Instituto de Cinema de SP

CRÍTICA | Boca a Boca

Dirigida e roteirizada por Esmir Filho, a nova série brasileira da Netflix conta com um cenário de epidemia causada por uma doença contagiosa transmitida pelo beijo, infectando a maior parte da população jovem da pequena cidade de Progresso. Sua estreia recente na plataforma chocou o público com as coincidências sobre o atual momento de pandemia enfrentado no mundo real em 2020, mas o autor já esclareceu que não passa disso, uma coincidência. A história, na verdade, é sobre medos, liberdade e tolerância.


O suspense gira em torno dos adolescentes Fran (Iza Moreira), Chico (Michel Joelsas) e Alex (Caio Horowicz), enquanto iniciam uma investigação para descobrir o que aconteceu com sua amiga Bel (Luana Nastas), que foi infectada pela doença após uma festa na qual todos os jovens da cidade compareceram. Além da doença, outros mistérios complementam a trama, como a existência de uma seita próxima da qual os habitantes de Progresso não podem se aproximar.


O nome da pequena cidade fictícia é uma clara ironia, pois na verdade é extremamente conservadora, rígida e, como sempre, cheia de segredos. A obra aproveita para criticar a herança coronelista brasileira, especialmente em cidades do interior com estrutura agropecuária como Progresso, que é literalmente dividida entre a casa grande e o que chamam de “colônia”. Este cenário também serve como base para outros acontecimentos e temas importantes como o racismo, a segregação entre pessoas de classes sociais diferentes e até mesmo a manipulação genética de animais para o mercado. 

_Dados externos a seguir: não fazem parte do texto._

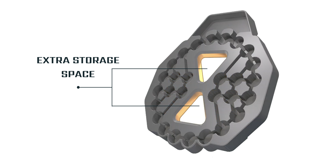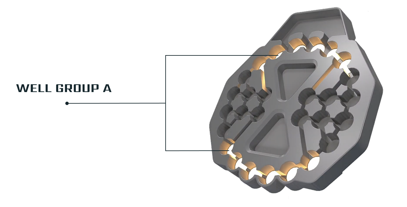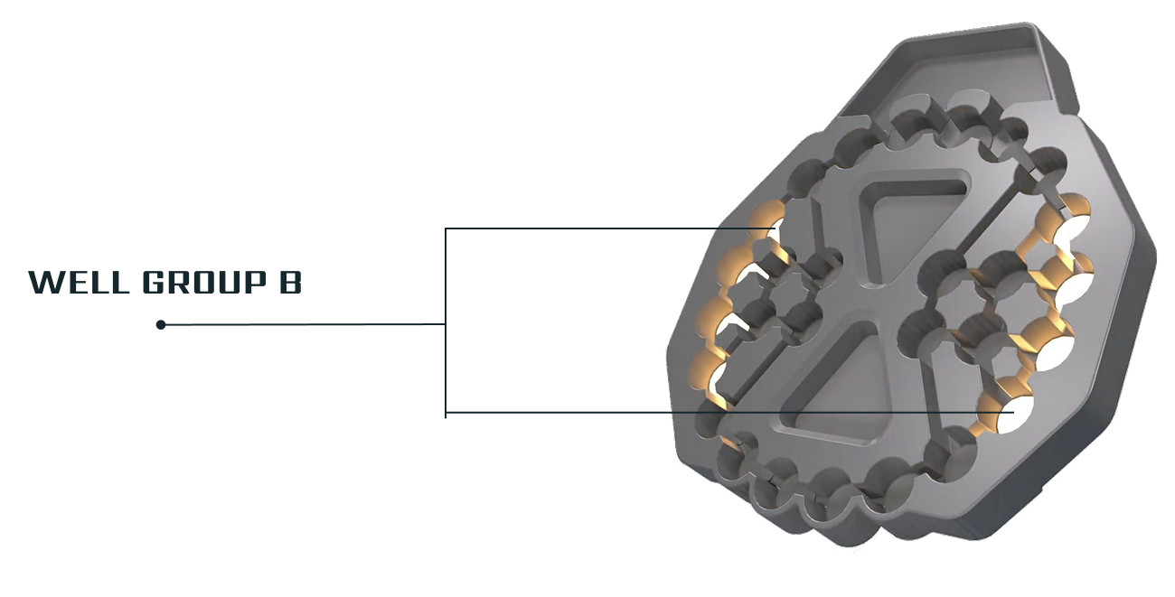 trays midway.A patented design for smart liquid distribution, the CBI Tray features a mouthwash-compatible flow system that enhances clinical efficiency. Mouthwash can be poured directly into the tray’s central basin, where a precision-angled surface guides the liquid evenly into multiple surrounding wells. When a tool or accessory is placed into a well, the tray’s buffer action technology prevents overflow by redirecting the displaced fluid back to the central reservoir. This ensures a clean, efficient use of the solution without spillage or waste. The result is an elegant, self-contained system for quick rinsing, soaking, or cleaning — all within the tray.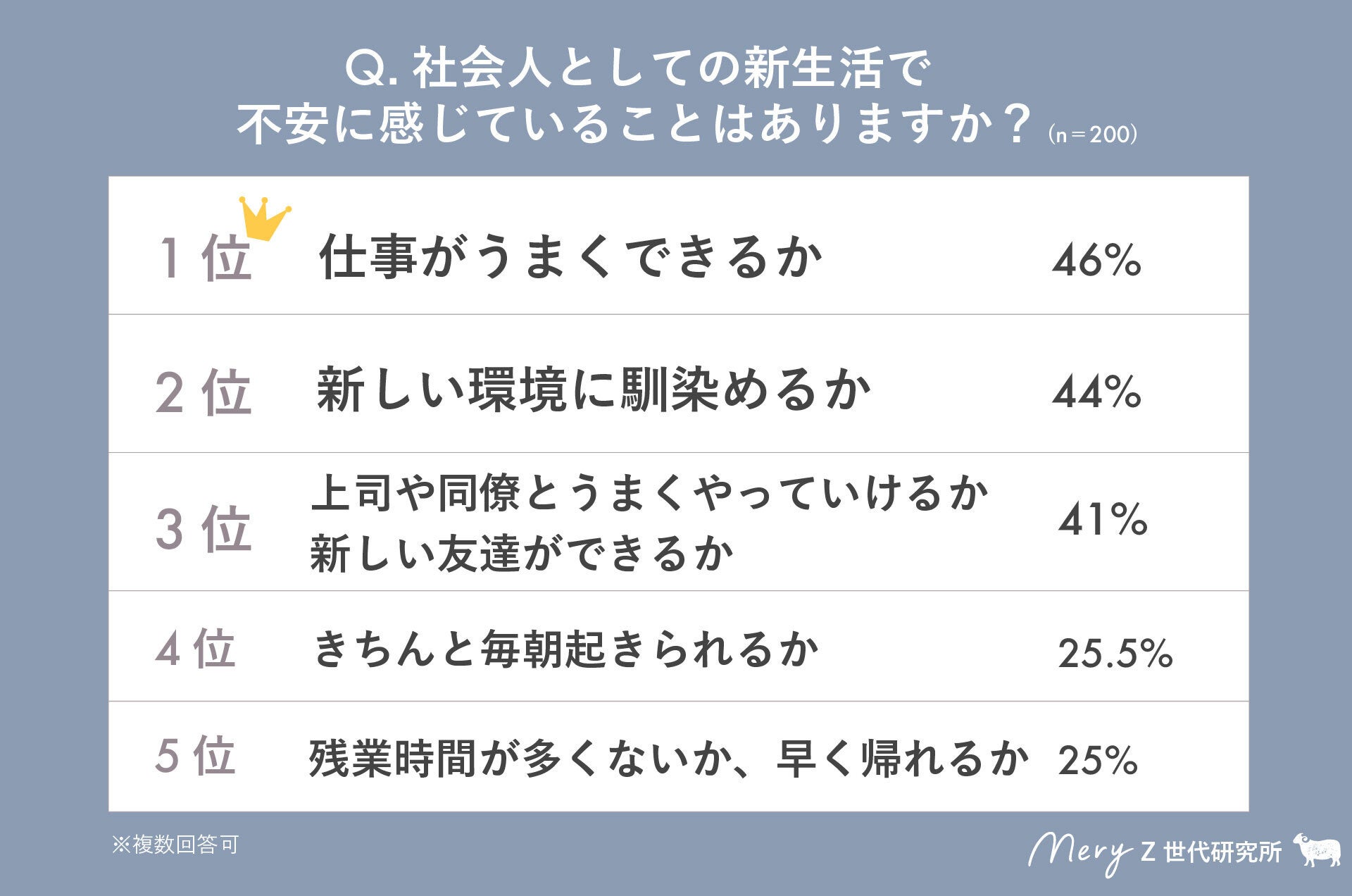 続いて、楽しみに感じていること/不安に感じていることを聞いたところ、楽しみに感じていることでは「給与・ボーナスをもらえること」(47.5%)が最も多く、次いで「新しい人間関係が広がること」(41.00%)が多い結果となり、不安に感じていることでは「仕事がうまくできるか」(46%)が最も多く、「新しい環境に馴染めるか」(44%)が続く結果となった。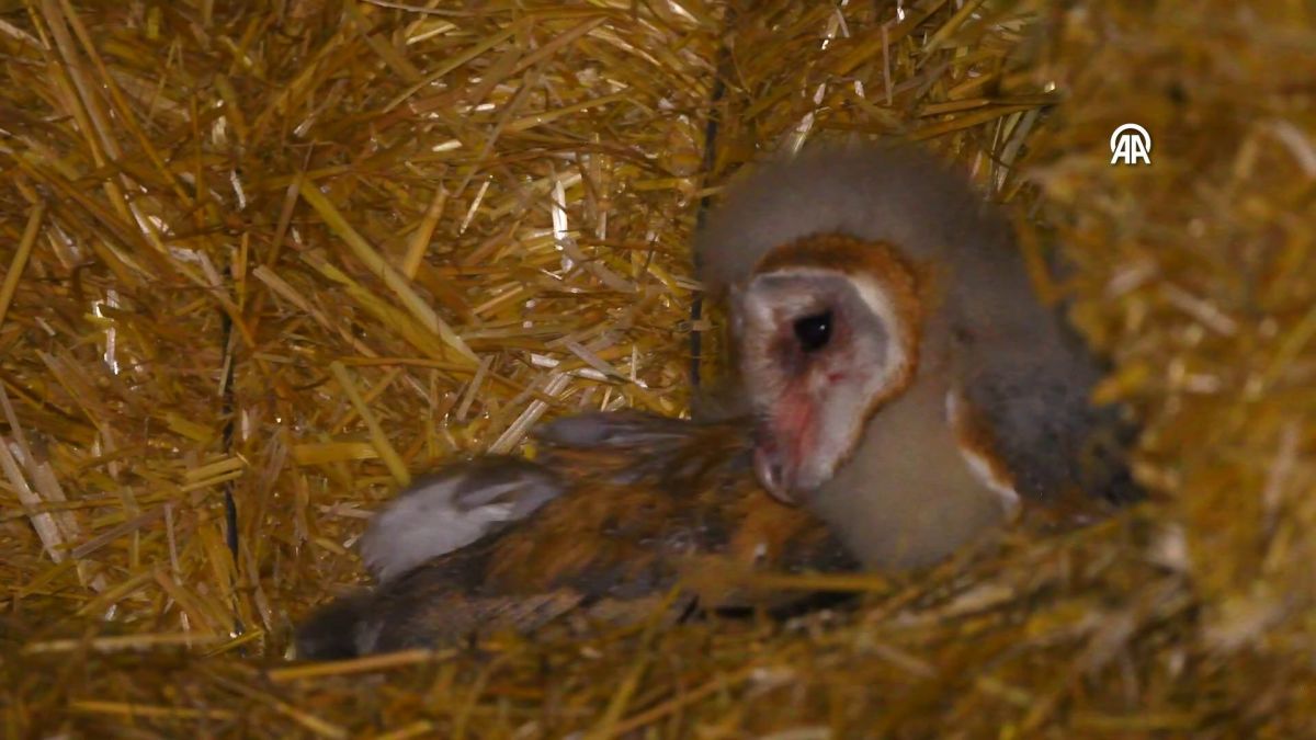 Bursa'da çiftliğin samanlığına yuva yapan peçeli baykuş ailesi görüntülendi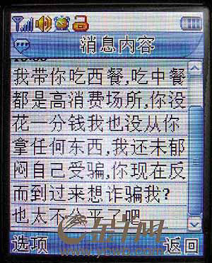 在網(wǎng)上,阿丹不斷給呂××發(fā)質問信息,之前曾說深愛阿丹的呂××卻開始顯得有些不耐煩。2月6日晚11時許,阿丹發(fā)短信質問呂××是否在欺騙感情,××網(wǎng)上的交友信息是否也一直在發(fā)布。對方回復稱“不明白你在說什么”。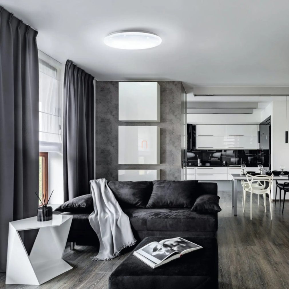 Lampa LED de tavan cu efect strălucitor Giron Eglo 97541 are o putere de 40 W și este realizată într-un stil modern, din oțel alb și plastic. Lampa oferă un flux luminos de 4300 lumeni, iar culoarea luminii poate fi controlată cu o telecomandă, cu o temperatură de culoare între 3000 și 5000 Kelvin, permițându-vă să comutați între nuanțe de alb rece și cald. Modulul LED încorporat garantează un consum energetic eficient, iar lampa are un grad de protecție IP20, fiind potrivită pentru utilizare în interior. Dispozitivul are un diametru de 570 mm, o înălțime de 75 mm și un cod logistic de 97541. Dimensiunile ambalajului sunt: 59 cm lungime, 10 cm lățime și 60 cm înălțime. Produsul este livrat cu o telecomandă care permite reglarea comodă a luminozității și a temperaturii culorii.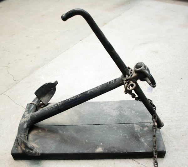 Ancora di tipo Ammiragliato, a marre fisse e ceppo mobile, fissata su una tavola di legno. Il fuso, a sezione circolare, presenta all'estremità superiore un maniglione imperniato per il collegamento alla catena di ormeggio. In un foro praticato sul collo del fuso è infilato il ceppo mobile, costituito da un'asta con un'estremità ricurva. Il ceppo è tenuto fermo, da una parte da un dente, situato a metà circa della lunghezza, che ne blocca lo scorrimento nel foro e, dall'altra, da una chiavetta; le parti terminali del ceppo, inoltre, presentano due bottoni per impedire il completo sfilamento dal foro. Il fuso presenta un ingrossamento nell'estremità inferiore, chiamato diamante, dal quale partono, in direzione normale rispetto al ceppo, le due marre dotate di patte lanceolari.
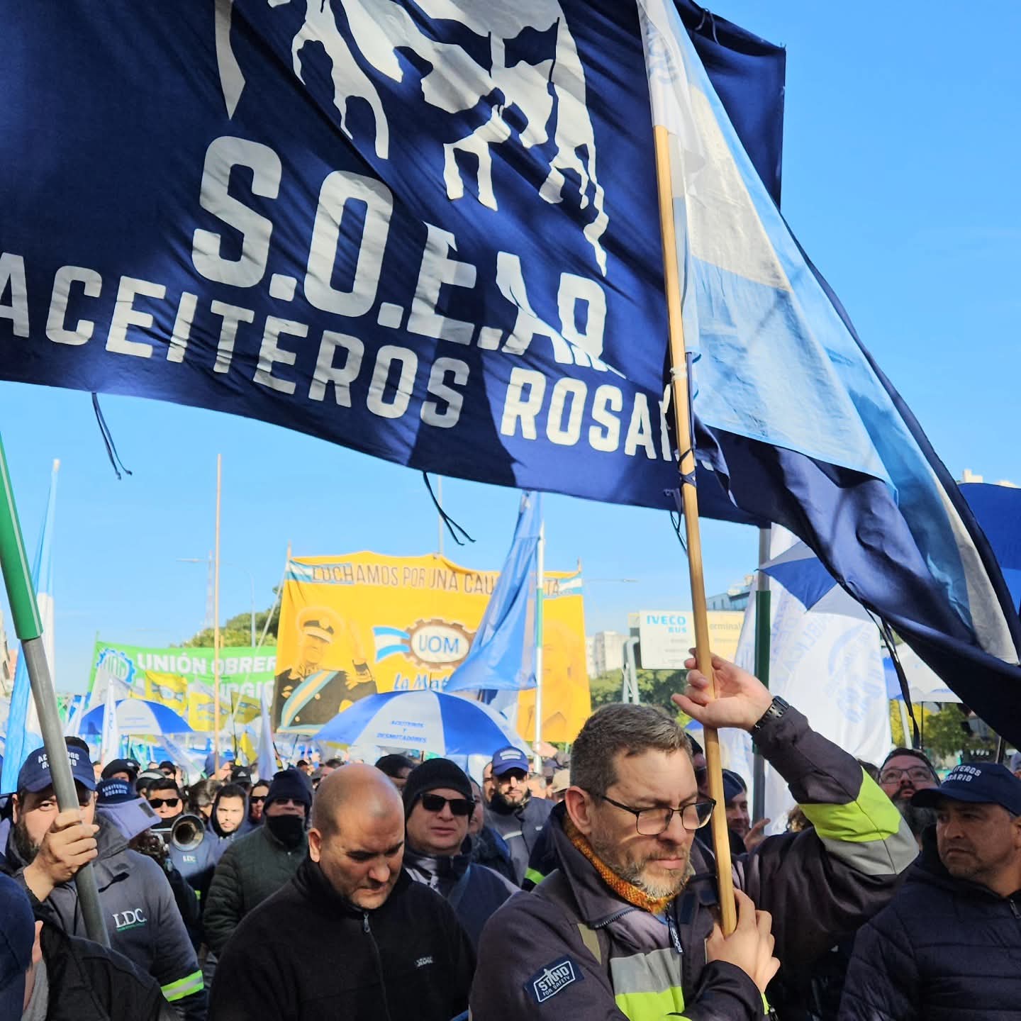 Obreros y Empleados aceiteros de Rosario estuvieron presentes encabezados por su secretario general Marco Pozzi. En sintonía con la Federación de trabajadoras y trabajadores Aceiteros y Desmotadores de Algodón (FTCIODyARA), el SOEAR alzó el reclamo por «las políticas del Gobierno Nacional que fijan límites a la negociación paritaria, atacan y desregulan el sistema productivo y del transporte y recortan en áreas estratégicas como la educación, la ciencia, la salud y la infraestructura». Además, se pronunciaron contra los despidos, la represión y la criminalización de la protesta. «Para defender todo lo conquistado, honrando también a quienes nos precedieron en la lucha. Por nuestro presente y nuestro futuro» expresaron desde el sindicato rosarino.

Em relação à parte técnica, as cores da fotografia e direção de arte merecem destaque. Os tons de roxo, azul e rosa néon durante as cenas noturnas e nas festas passam uma sensação fantasiosa e simulam o efeito das drogas. Essas cores vibrantes também estão diretamente relacionadas com aquelas que aparecem nos adolescentes por causa da doença através de manchas na boca e pescoço. Em contraste, o tom pastel das casas e, principalmente, da escola e uniformes durante o dia traduz visualmente a vida dupla dos jovens da cidade.


A trilha sonora também surpreende com versões eletrônicas de músicas nacionais, inclusive a famosa cantiga “Boi da Cara Preta”, acrescentando um quê de sinistro que combina ainda mais com o clima e o tom da série. Outro elemento bastante presente é a tecnologia, através de stories de redes sociais, perfis online e aplicativos de encontros, que são parte importante da estrutura narrativa e direção, deixando tudo ainda mais visual e detalhado, fazendo o expectador mergulhar no universo adolescente através dos olhos deles.


Por último, é preciso destacar o trabalho do elenco, que conta com muitos nomes de peso como Denise Fraga, Thomas Aquino e Bruno Garcia, mas especialmente Grace Passô, que protagonizou cenas emocionantes como a personagem Dalva. 


Com um visual, trama e tom extremamente jovens, por assim dizer, Boca a Boca é uma série brasileira que se aproxima esteticamente dos produtos internacionais, mas sem perder a essência do drama nacional, tornando-a uma das primeiras, mas com certeza não a última, a dominar o público jovem brasileiro nas plataformas de streaming.


 


Por Ana Clara P.SM.O.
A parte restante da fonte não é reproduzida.